About one-fifth of patients with differentiated thyroid cancer underwent PET imaging, and results of PET scans changed management of differentiated thyroid cancer in about 30% of those patients, according to recent study findings published in Thyroid.
“The rising incidence of low-risk thyroid cancer is changing treatment paradigms,” the researchers wrote. “Interestingly, management is being driven by risk assessment, and a ‘one size fits all’ approach to thyroid cancer treatment is no longer recommended. The same should be true for posttreatment surveillance. The choice of imaging modality should be tailored toward the patient’s risk, the clinical suspicion for recurrent or persistent disease, and the serum thyroglobulin.”
Jaime L. Wiebel, MD, of the University of Michigan, and colleagues evaluated 585 patients with differentiated thyroid cancer who underwent surgery from 2006 to 2011 to determine the rate of utilization of and the indications for PET scans and changes in management based on results. Median follow-up was 5 years.
Jaime L. Wiebel
At least one PET scan was performed on 19% of patients for a total of 200 PET scans. One PET scan was performed on 54.1% of patients, 25.2% had two, 10.8% had three, 6.3% had four, 2.7% had five and 0.9% had more than five scans.

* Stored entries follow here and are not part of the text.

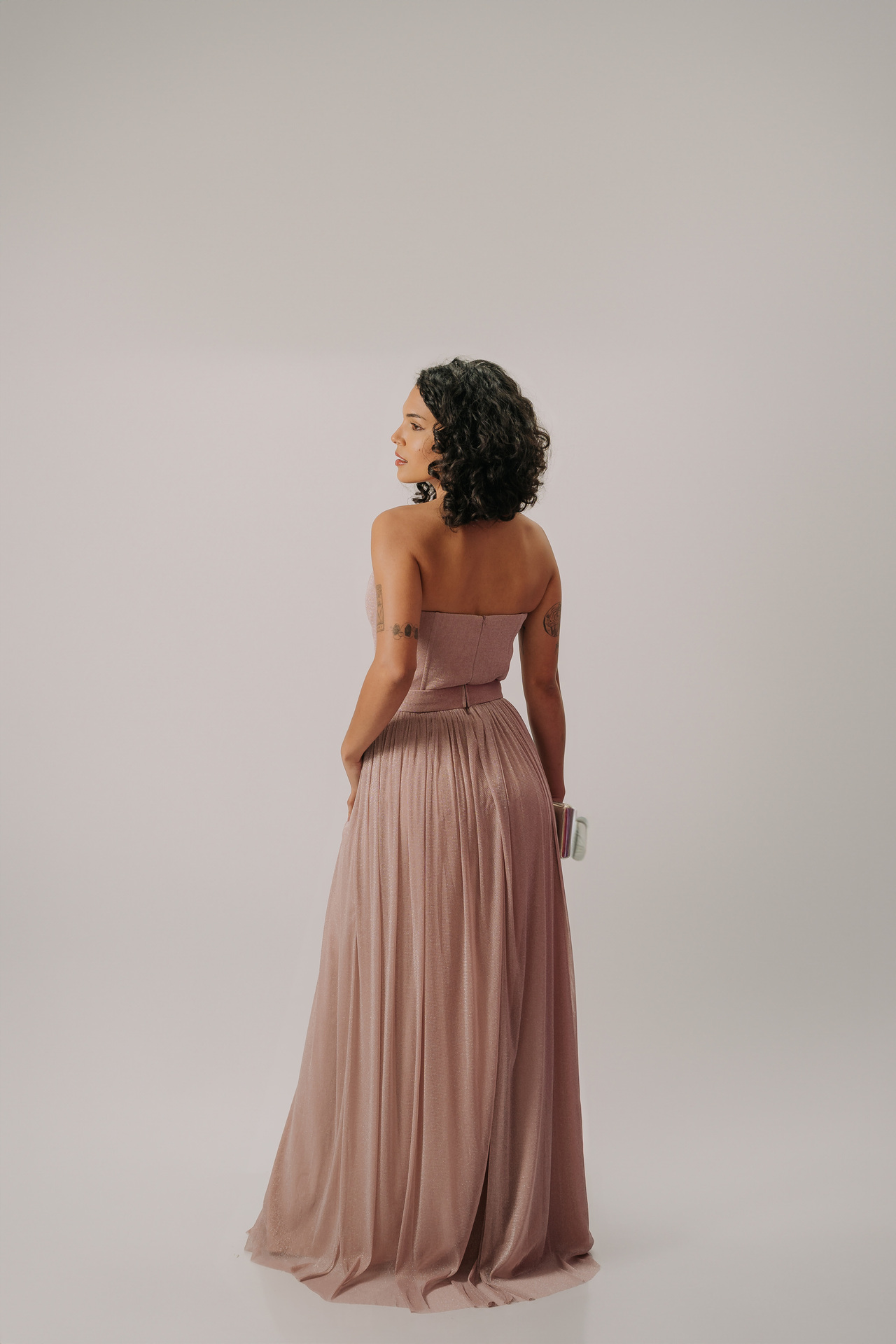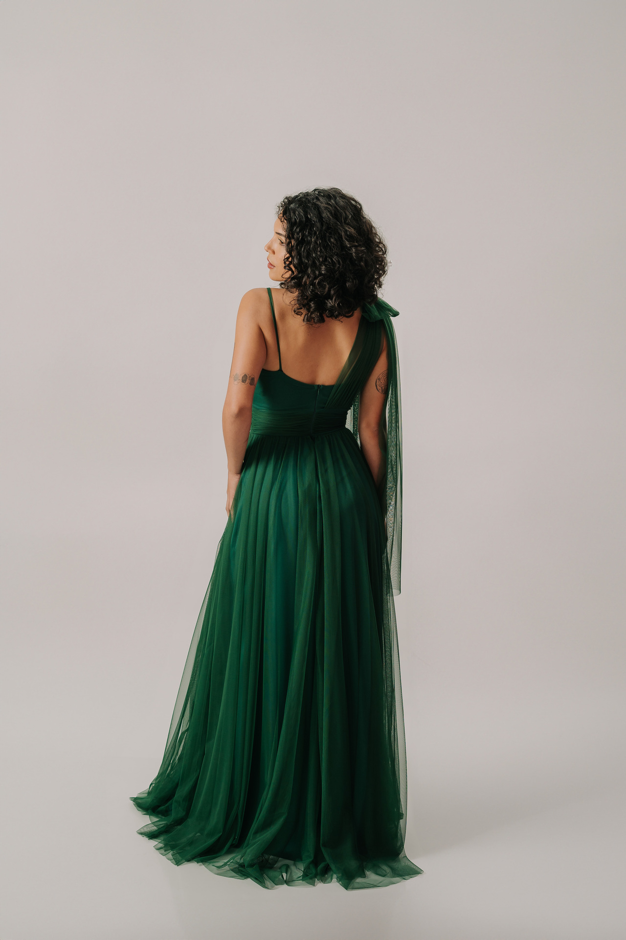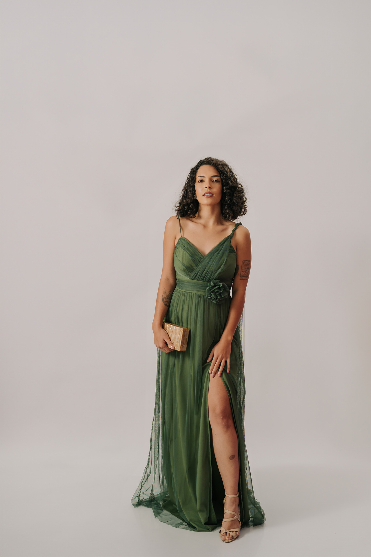 Vestido em tule com detalhe floral e faixa “multiuso” frente e costas
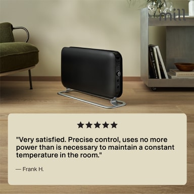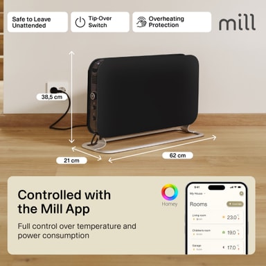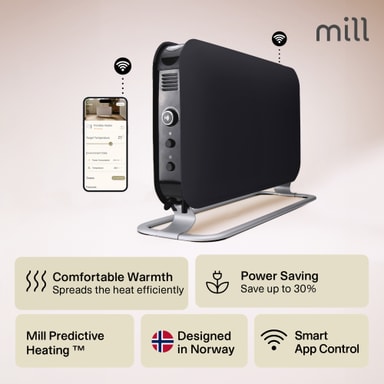 Mill Wi-Fi golvelement CO1200WIFI3BLACK är idealisk för att värma upp rum så stora som 18 m2. Den använder Mill PID Wattage Tech och Predictive Heating-system för att bibehålla idealisk temperatur och hålla ditt utrymme varmt och mysigt.Läs mer om produkten
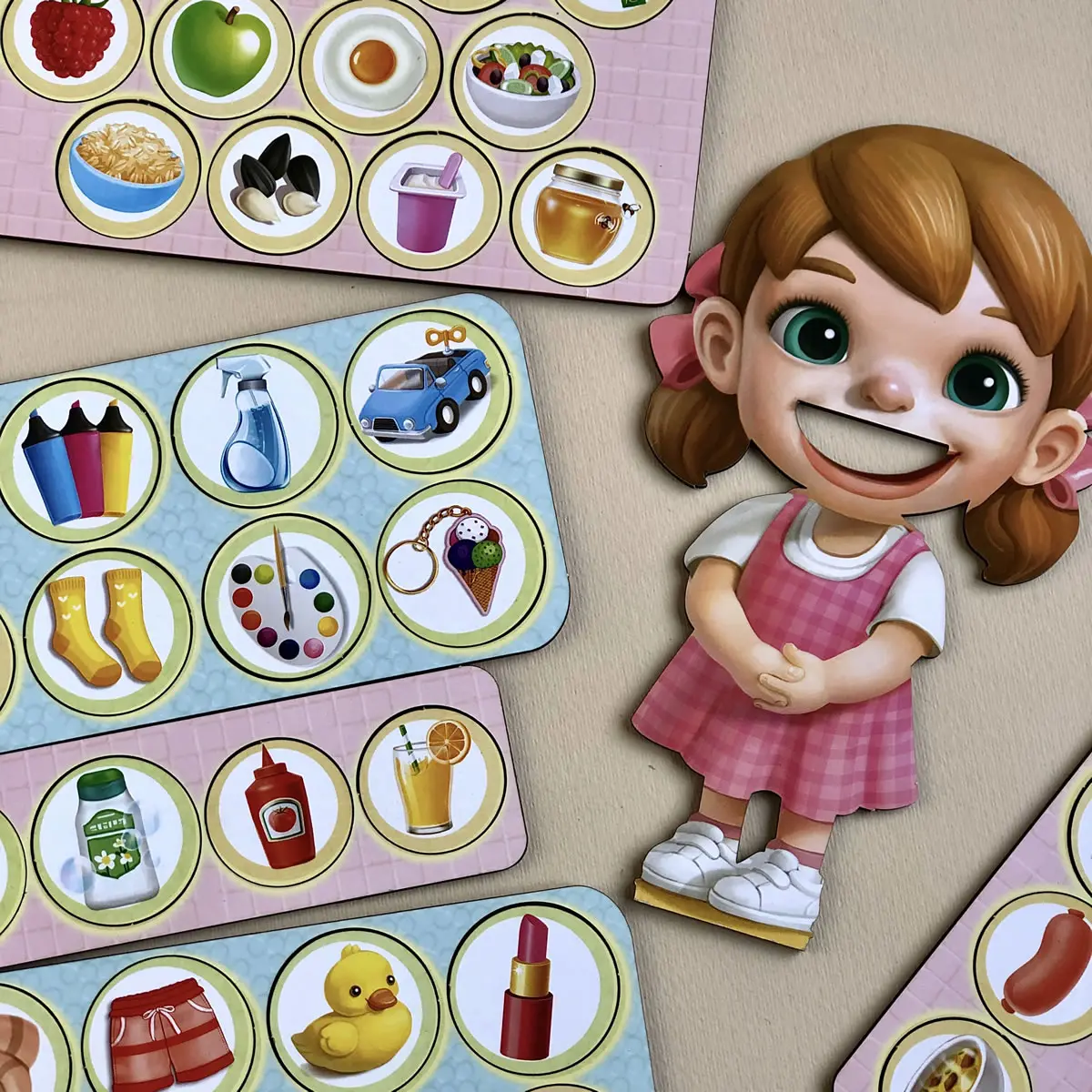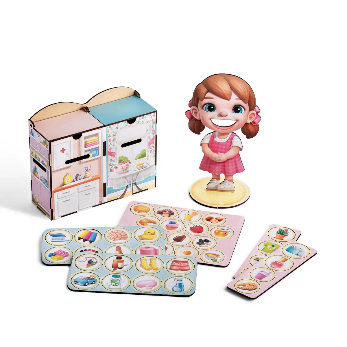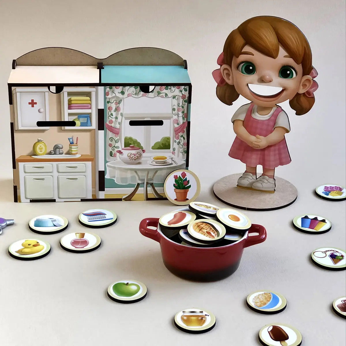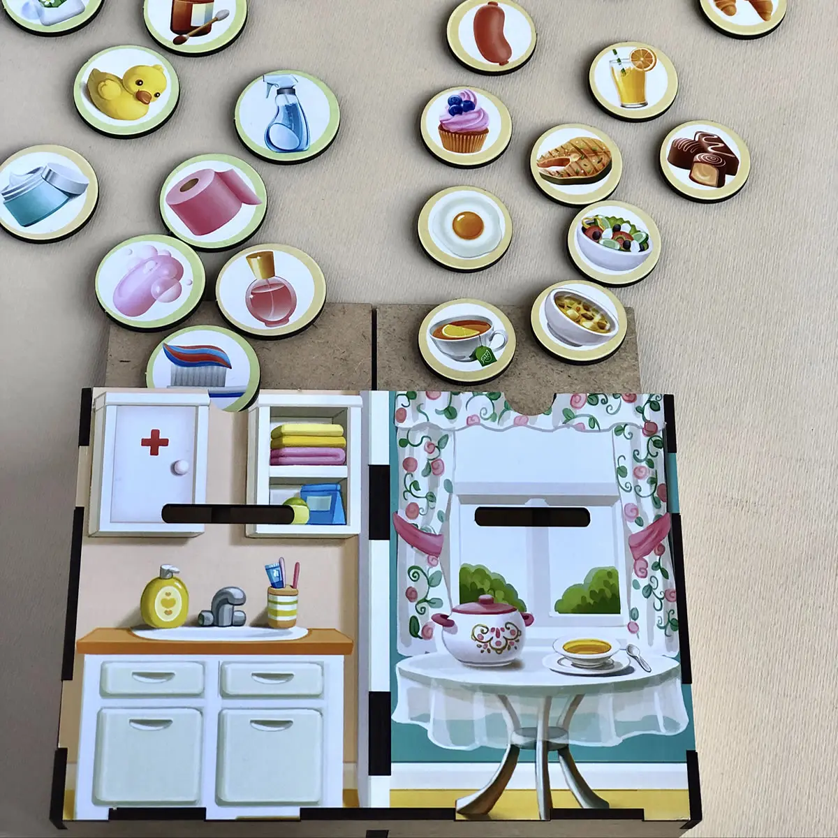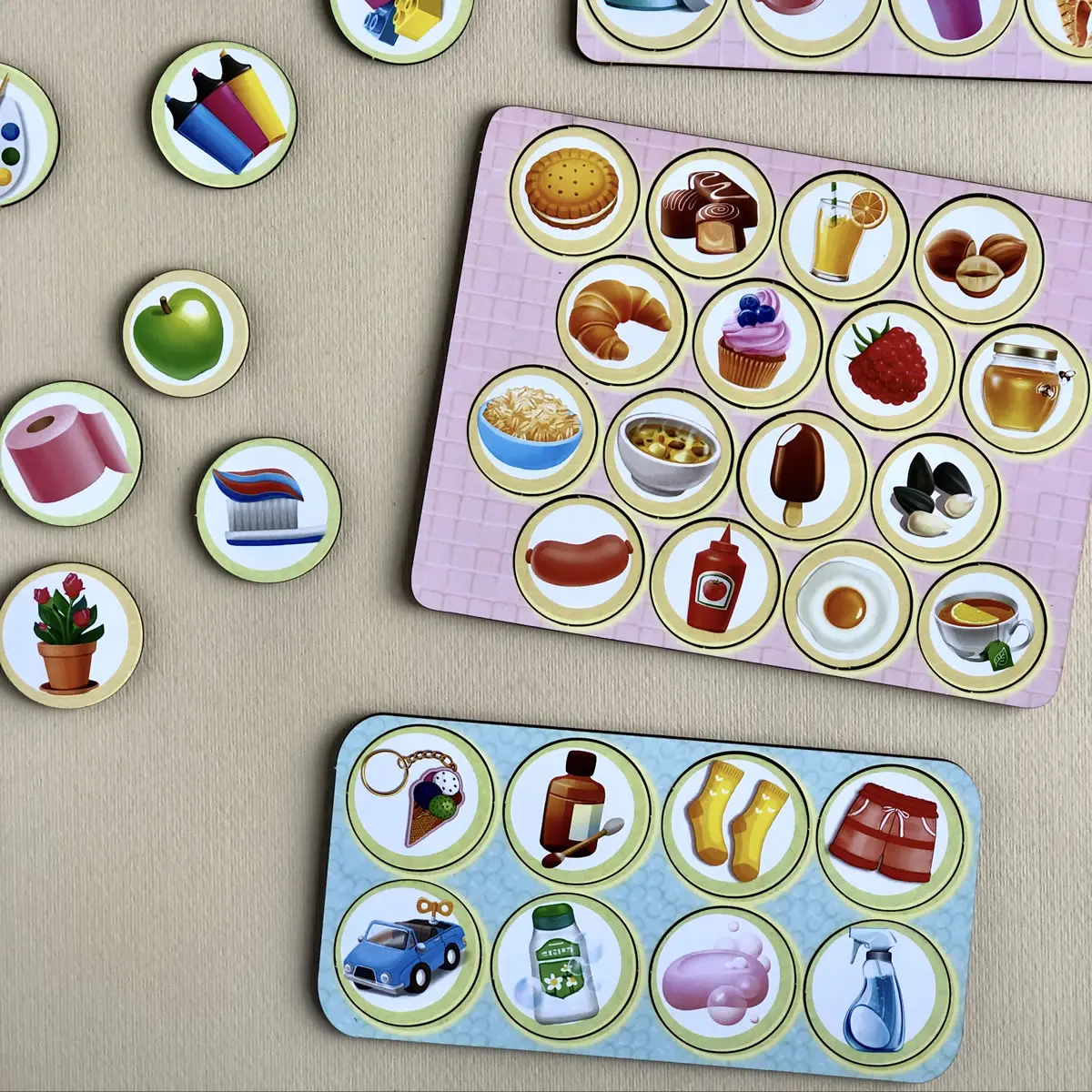 Rinkinyje – 40 medinių kortelių su įvairiais daiktais: nuo maisto iki dantų pastos, nuo kojinių iki žaislų.
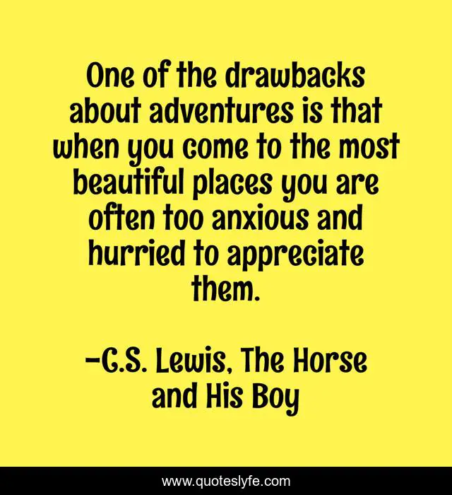 This page presents the quote "One of the drawbacks about adventures is that when you come to the most beautiful places you are often too anxious and hurried to appreciate them.". Author of this quote is C.S. Lewis, The Horse and His Boy. .
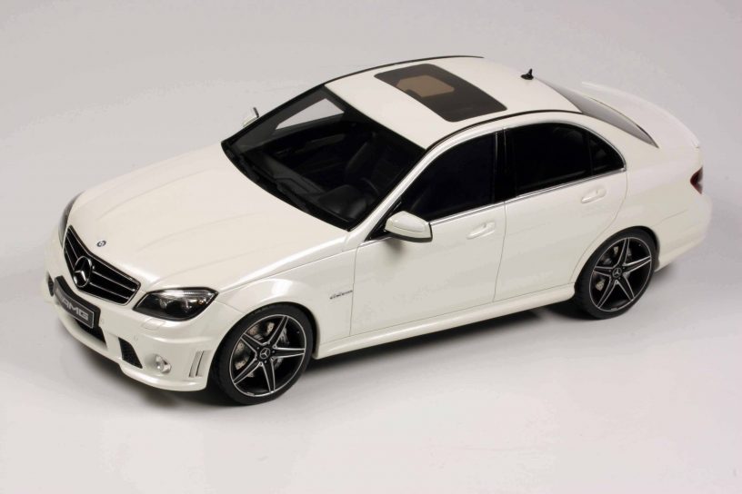 GT Spirit GT928 Mercedes-AMG C 63 W204 2007 weißmetallic. Fertigmodell Resine, Maßstab 1:18. Auflage 999 Exemplare. Preis ca. 110 Euro.
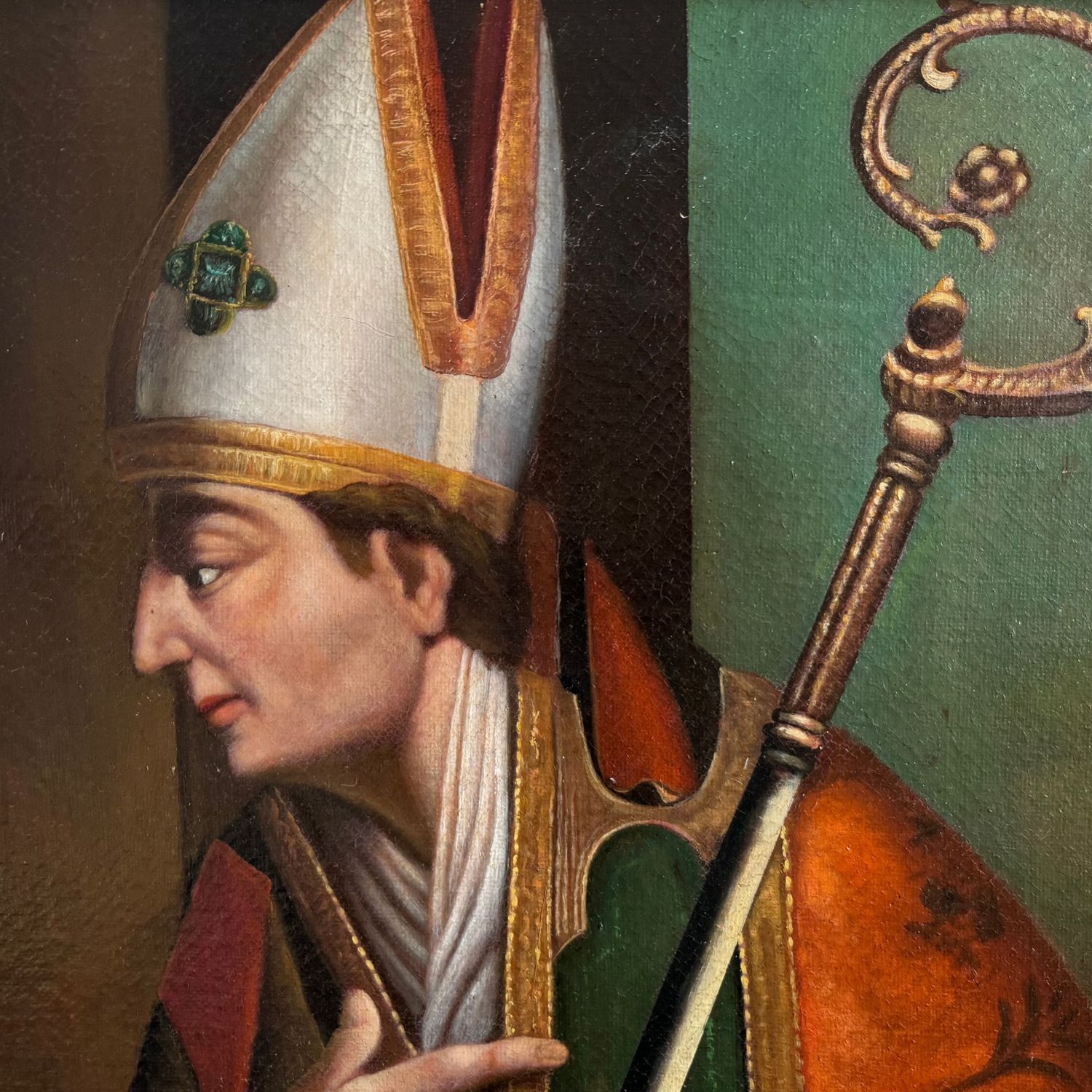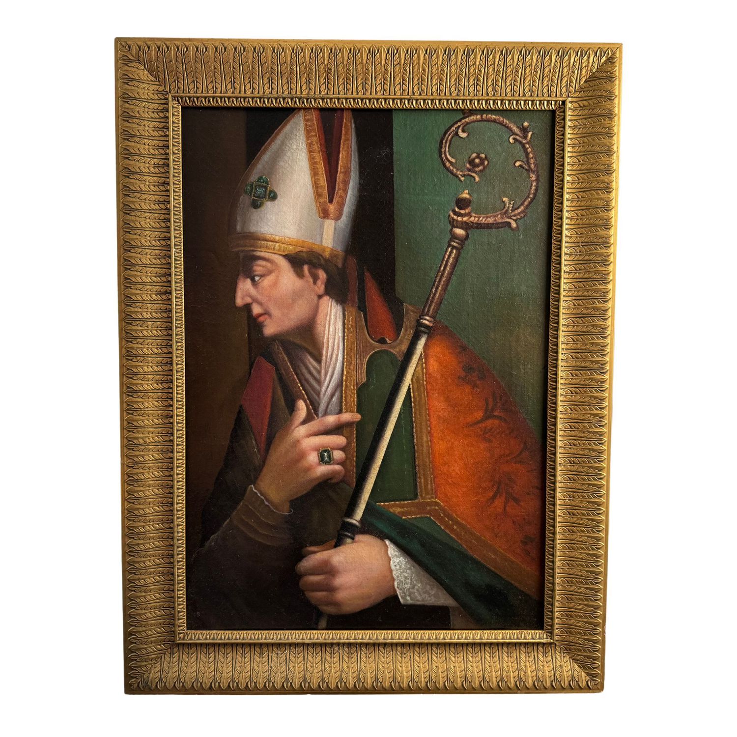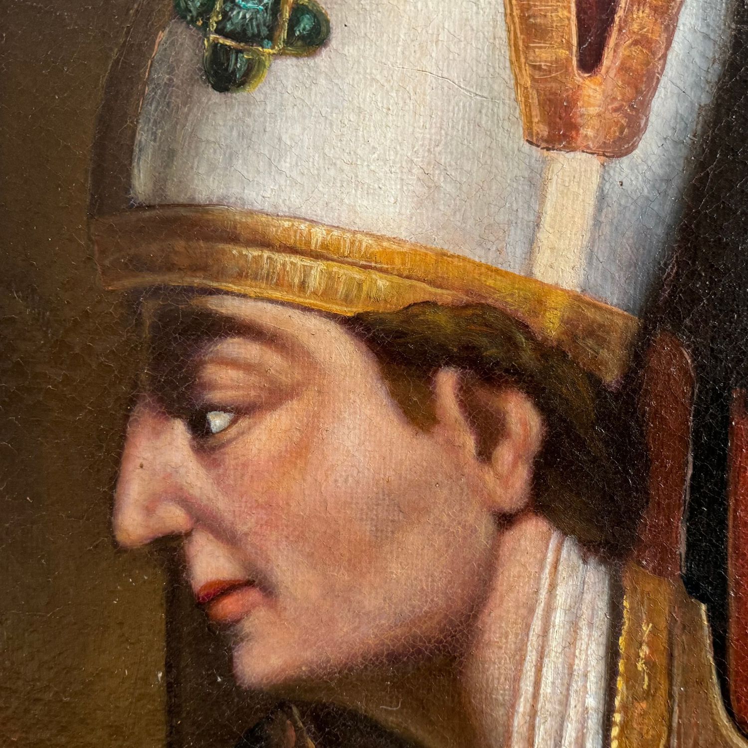 Dipinto olio su tela, periodo XIX secolo scuola Italiana, raffigurante Sant'Ambrogio

Follow-up of a previous scan was the most common indication for PET scan (28.4%), followed by elevated thyroglobulin and negative radioactive iodine (26%), evaluation of extent of disease (16.5%), evaluation of an abnormality on another imaging test (11%), rising thyroglobulin (9%), positive thyroglobulin antibodies (6.5%), unknown indications (1.5%) and other indications (1%).
Sixty-two percent of PET scans were positive.
Observation was the most common management strategy based on a PET scan (55%), followed by surgery (33%), chemotherapy or radiation (11.5%) and palliative care (0.5%). Management was changed in 29.5% of cases after the scan.
“The present study suggests that the PET scan is most helpful in patients with higher thyroglobulin levels in the setting of a negative radioiodine scan or when evaluating a rising thyroglobulin and that routine follow-up of a previous scan is least likely to change management,” the researchers wrote. “In addition, attention should be paid to cost-effectiveness and radiation exposure. Future research needs to investigate whether use of an imaging modality can affect patient morbidity and mortality, rather than simply identifying recurrent or persistent thyroid cancer.” – by Amber Cox
The researchers report no relevant financial disclosures.